You didn’t write that. You didn’t write that. You didn’t write that. You didn’t write that.

In memory it had the voice of a song. Never to be wholly forgotten, only sporadically remembered – not at will, not without a tune to carry it. 

‘I did write it,’ Sam said. She made fists with her hands and circled them in the air.

Eva touched her shoulder and felt something cold and slippery around Sam’s neck.

‘Such a pretty locket,’ she said.

‘I must have forgotten to take it off,’ Sam said, feeling her neck blindly.

‘This girl came by in the morning, but you were out. She said she was your sister and asked if I had your keys,’ Eva said, deflecting again as if she’d not heard her, as if Sam was distant, disappearing or disappeared. ‘I asked her why she doesn’t have your keys.’
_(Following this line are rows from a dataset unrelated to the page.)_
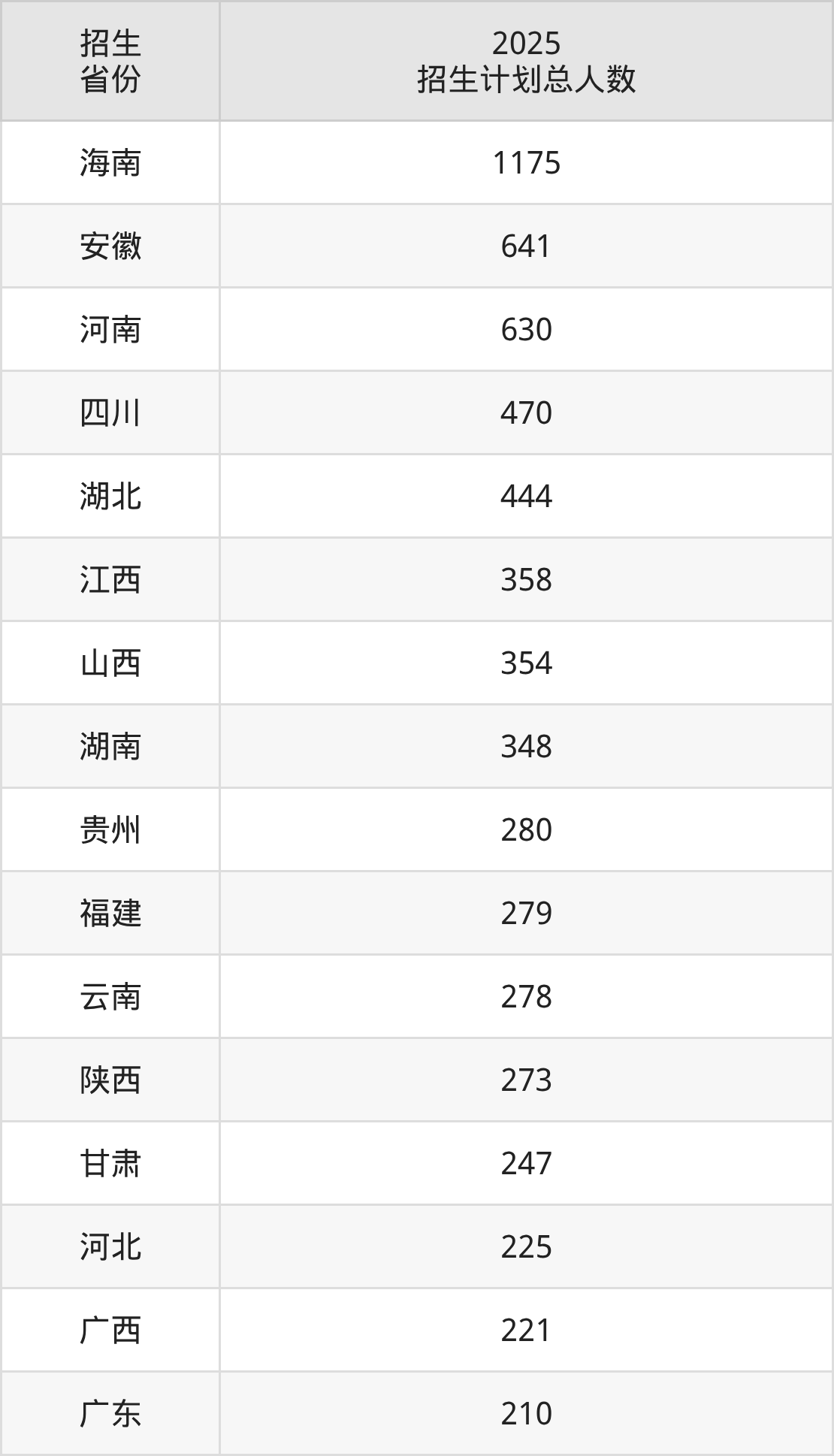 2025年海南大学面向全国28个省市开展本科招生;招生专业共74个,招生人数共7418人。2025年在海南省招生计划总人数是1175人,其中,海南大学在海南省招生人数最多的是乡村治理。海南大学在各省具体招生人数情况如下表。
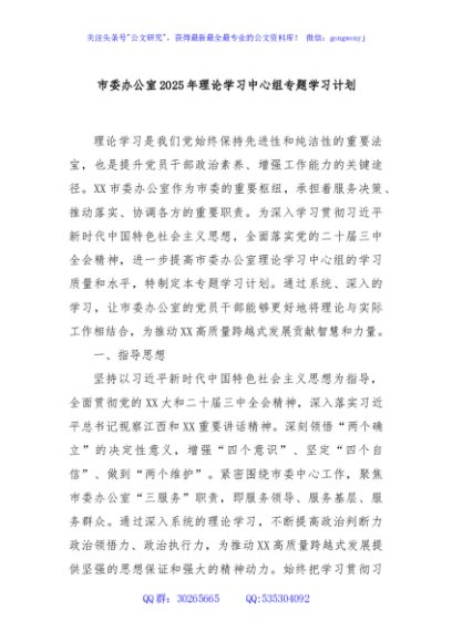 / 市委办公室2025年理论学习中心组专题学习计划
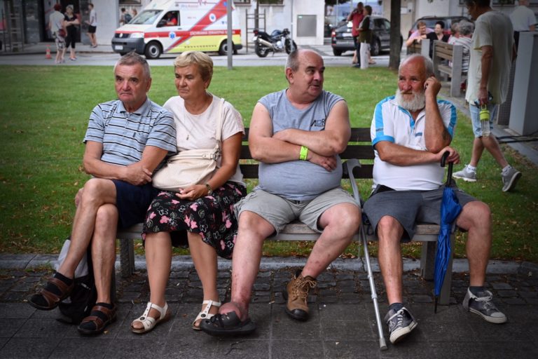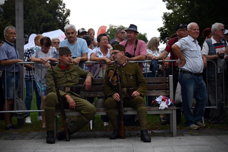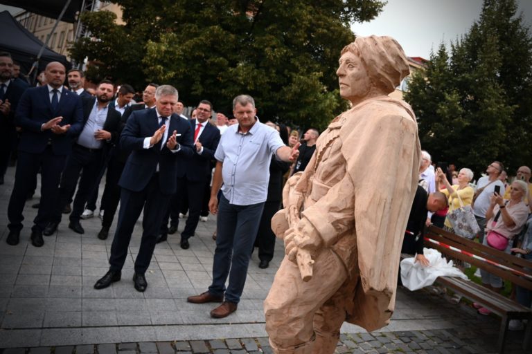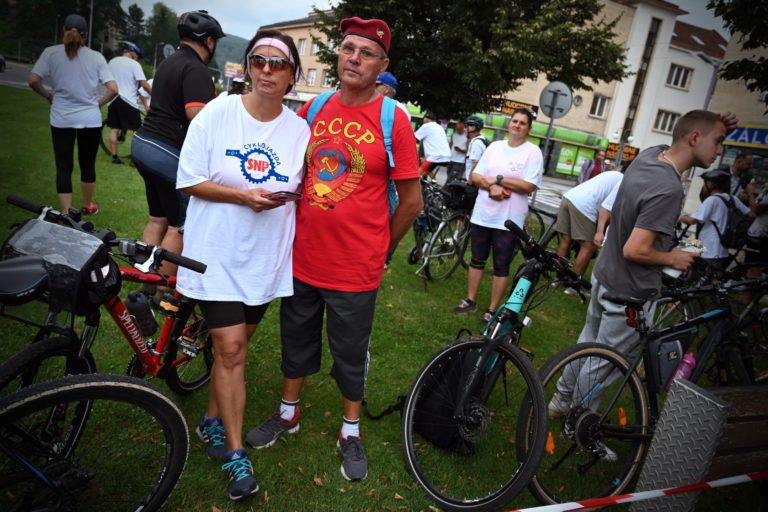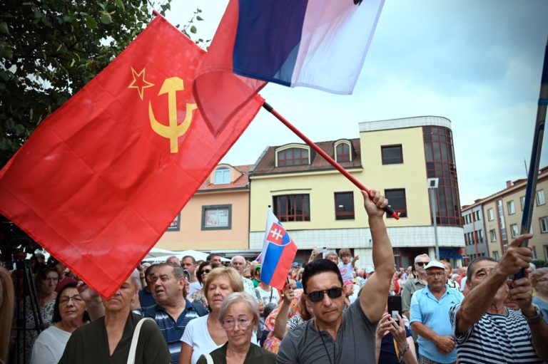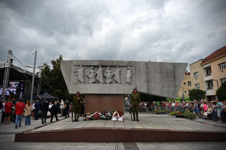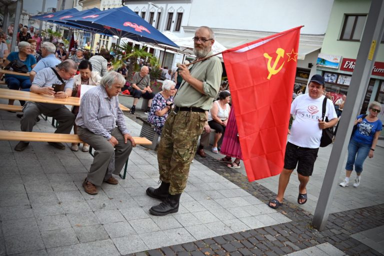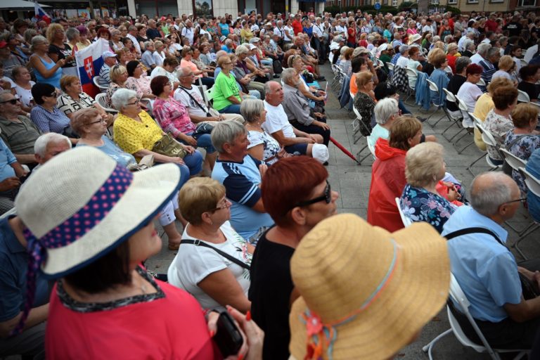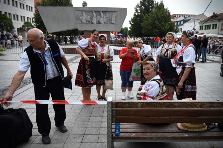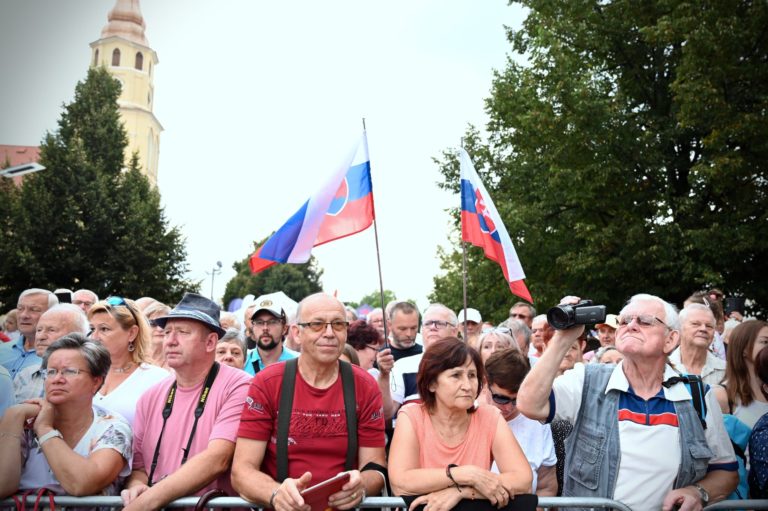 Atmosféra počas zhromaždenia organizovaného stranou SMER-SSD pri príležitosti 79. výročia Slovenského národného povstania (SNP) na Námestí SNP vo Zvolene. Zvolen, 29. august 2023. Foto: SITA/Jakub Julény.

Noorie didn’t need keys because she could find a way to let herself in.

‘She comes every day,’ Sam said, yawning. ‘Whether I’m here or not.’

Eva smiled and stood up, shaking her head like a wet dog. ‘Good morning,’ Eva said, cheerily. 

Sam returned to her still-full apartment to find Deyus and Noorie still asleep. Watching their eyelids roll back with sleep prowess they looked motionless like sleeping fish tousled occasionally by the current. Here they were and weren’t. It was confusing to both see them and not see them at the same time. Except they’d moved, two ribbed fish interlocking their fins, fighting against the current. On the sofa, where Sam usually sat on it to read. They must have awoken, talked, touched – in a way Sam had not seen them do in her presence, like they’d been waiting for her to leave all along.

Sam clutched the locket in her fist and yanked it off so the chain would break. She waited till the sun was high noon and Noorie was awake to call the jeweler.

‘It’s broken. The chain’s broken,’ she said, loudly, watching Noorie pile the wine glasses into the sink, breaking one of them with her thick fingers.